We were quiet for a little while, and then we both said, together, “I love you,” and laughed and pulled apart. She went a little ahead to find a campsite for us, and I went back to Laura.

We finally settled in a small hollow in the lee of a huge boulder, with dense encircling brush for a windbreak and a little level stretch of earth in which to make a fire. The fog was coming in fast, in scarves and billows, filling the world up to the tops of the standing trees with wet white cotton batting, and once again, as I had before, I tasted the salt of the sea. I had tasted it, I remembered, on Point Reyes, too. I realized then that I was crying silently, and could no longer tell the taste of my tears from the taste of sea fog, and swallowed hard. Later. The tears were for later; the tears must not start now. There would be time for them; there would be a whole lifetime for them.

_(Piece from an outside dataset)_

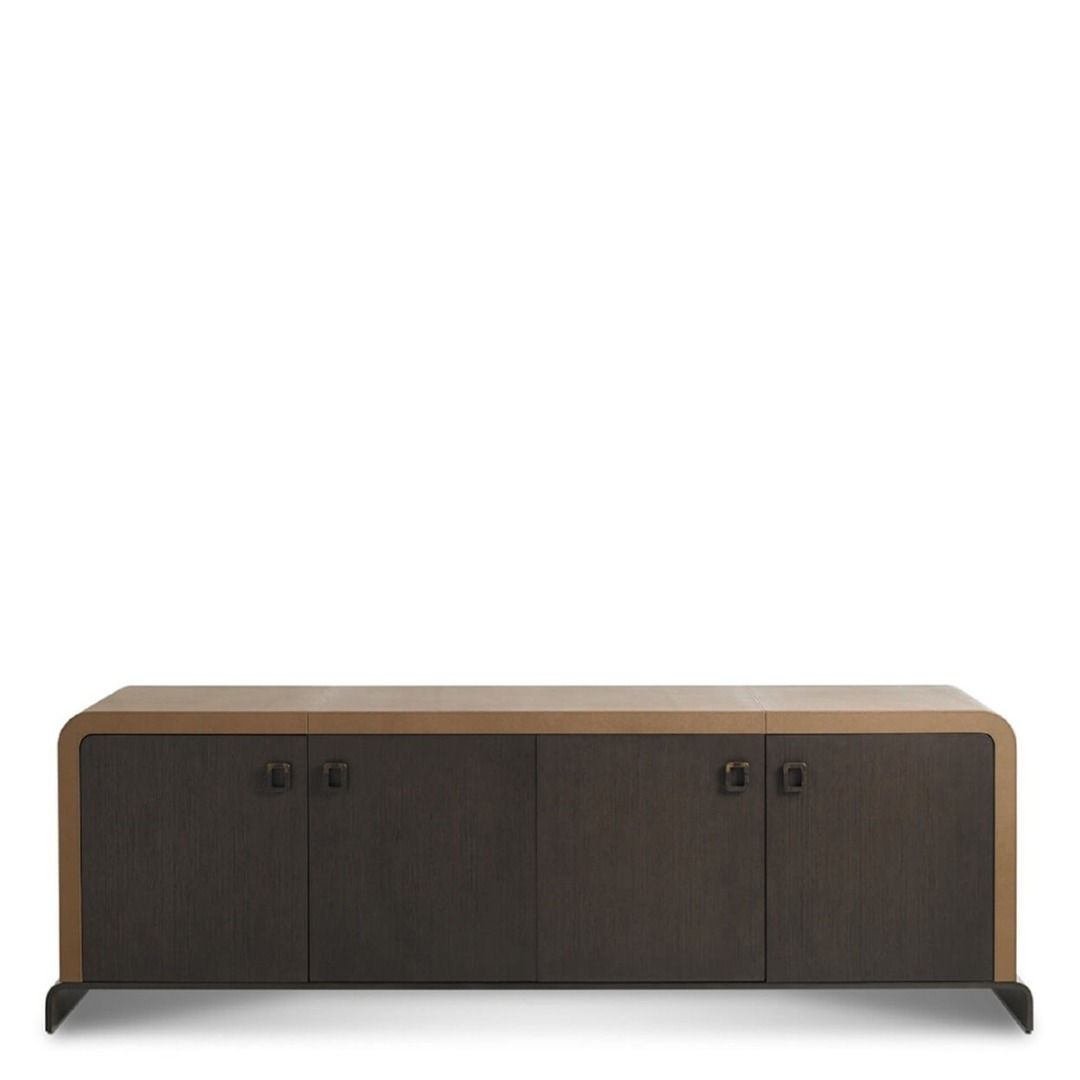 Rift cut oak veneer with leather wrap exterior and bronze base. Shown in 1901 Smoked Oak.

Because we were in a small depression the fog did not sink completely down around us, and we could see what we were about fairly clearly, though as if through stage scrim. Glynn and I dragged dry twigs and limbs from the undersides of the fallen trees, and she lit the little fire with T.C.’s matches. It flamed up cheerfully, its rosy light dancing off the solid white blanket of the fog. Curtis lay down close to it and put his head on his crossed paws and sighed deeply. I went over and sat down next to him, drawing comfort from the small spot of warmth and the dog’s solid body.

“It may not be the fire you want, but it will keep you warm through this night, and me too, and we will take care of each other. That’s not nothing, dearest dog,” I said. He thumped his tail a little harder this time and sighed again, leaning in against me. But his eyes followed Glynn as she moved about in the firelight. Behind me, Laura stretched and sighed and said, “That feels good. Are we stopping for the night?”

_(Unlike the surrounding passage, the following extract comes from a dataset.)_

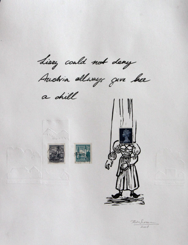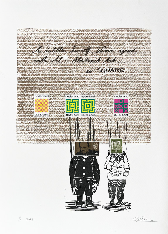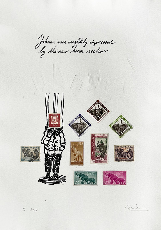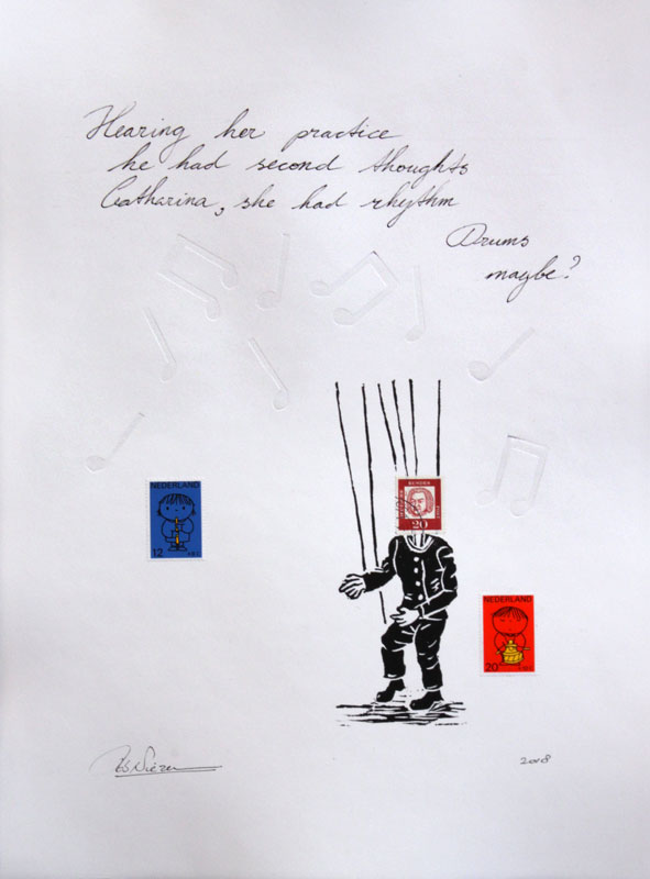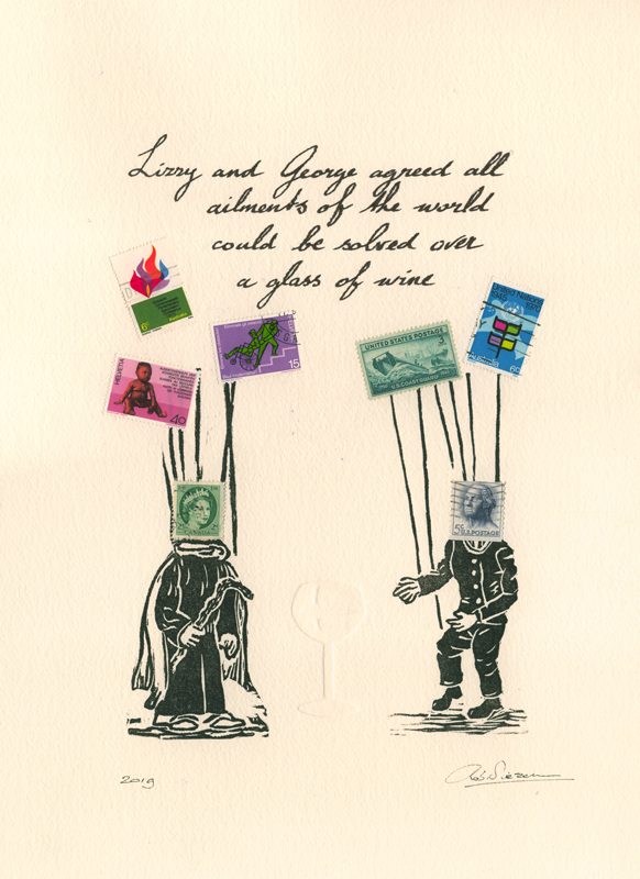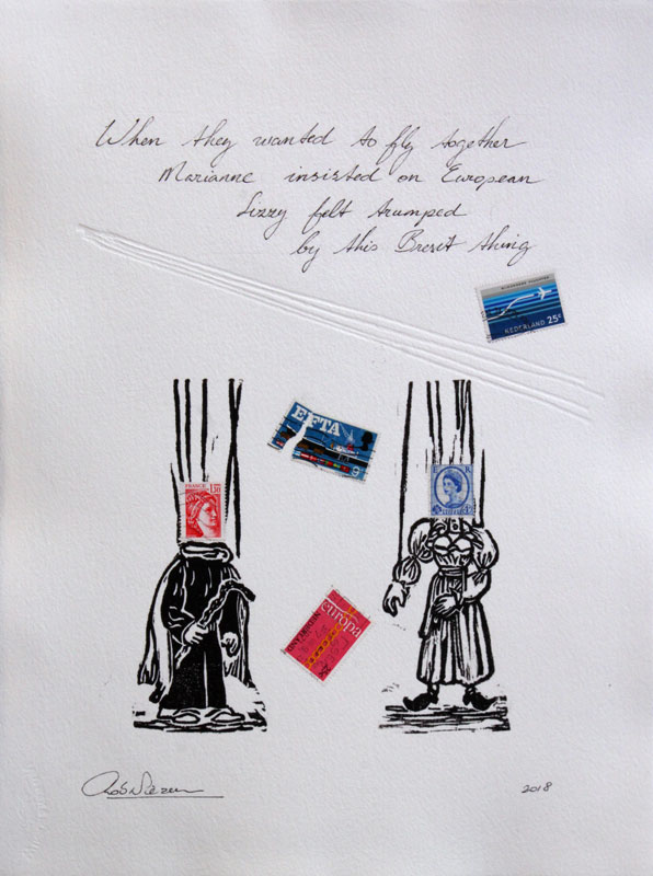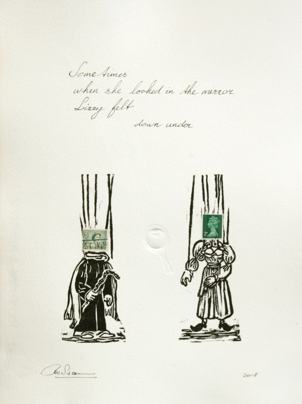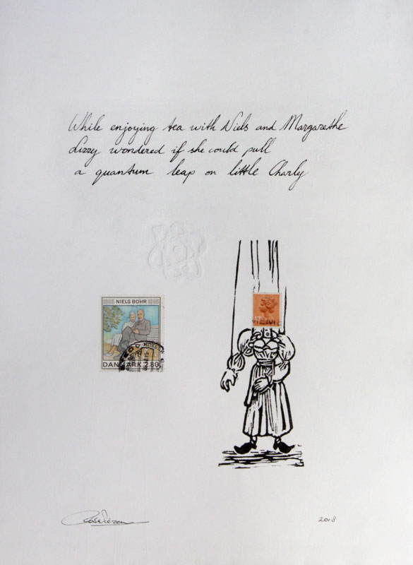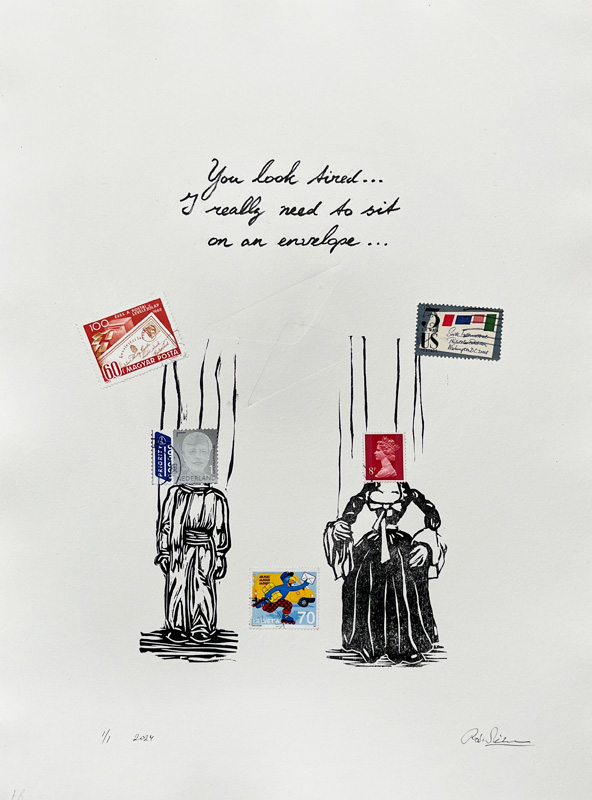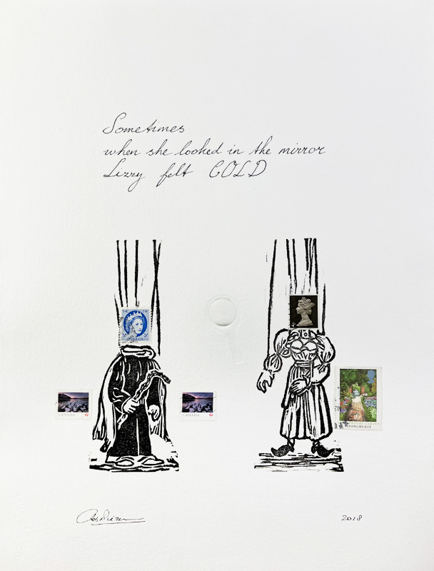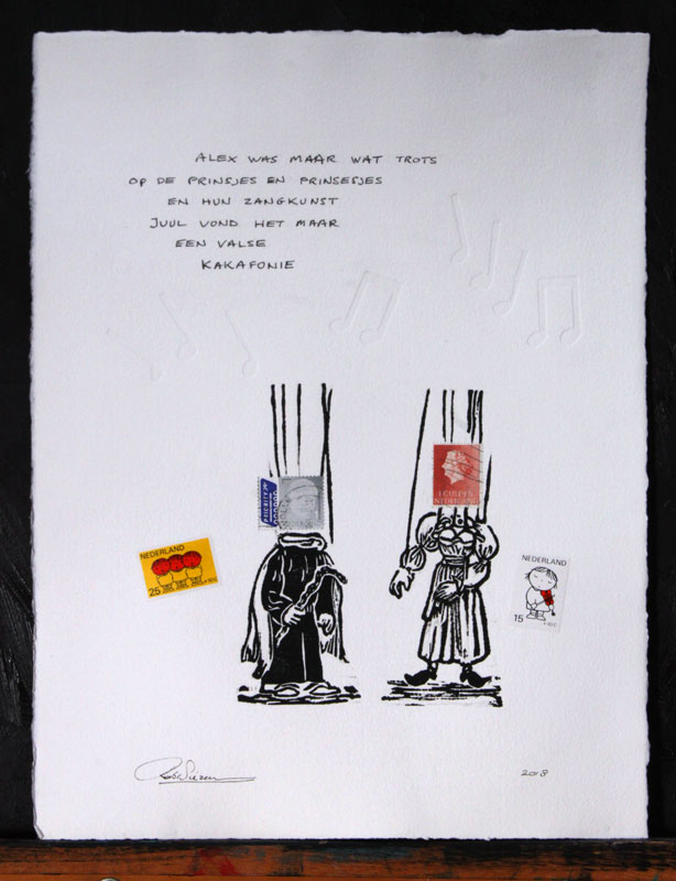 Heads & Tales is a series of linocuts with blind emboss, postage stamps and hand writing on paper. National postage stamps have for a long time featured portraits of heads of state, royalty and heroes as confirmation of a country’s identity, traits and values. The Heads & Tales series reflects on typical, or national characteristics of the ‘Heads’ and what they may represent. Put in an imaginary context, they tell their ‘Tales’ as humans, with their prejudices and flaws: honest, illogical, emotional, chaotic, truthful, pompous and petty. Just like us. Feeling bound and constrained by strings that pull in undesired directions.

“Yep. Supper and coffee in a minute, and then we’ll sleep. Do you think you can?”

“I don’t think the united forces of hell could stop me,” she said drowsily, and it was true. By the time Glynn and I had water boiling and food packets laid out, she was sleeping heavily on the spread Mylar blanket, her breath as deep and regular as the surf of the sea. It sounded so normal to me, so healing, that I hated to wake her, but I did, nevertheless. She needed food and water, and I thought another two aspirin might take her through the night. I took more, too. My arm was a column of pure pain. Laura was asleep again almost before she lay back down on the blanket.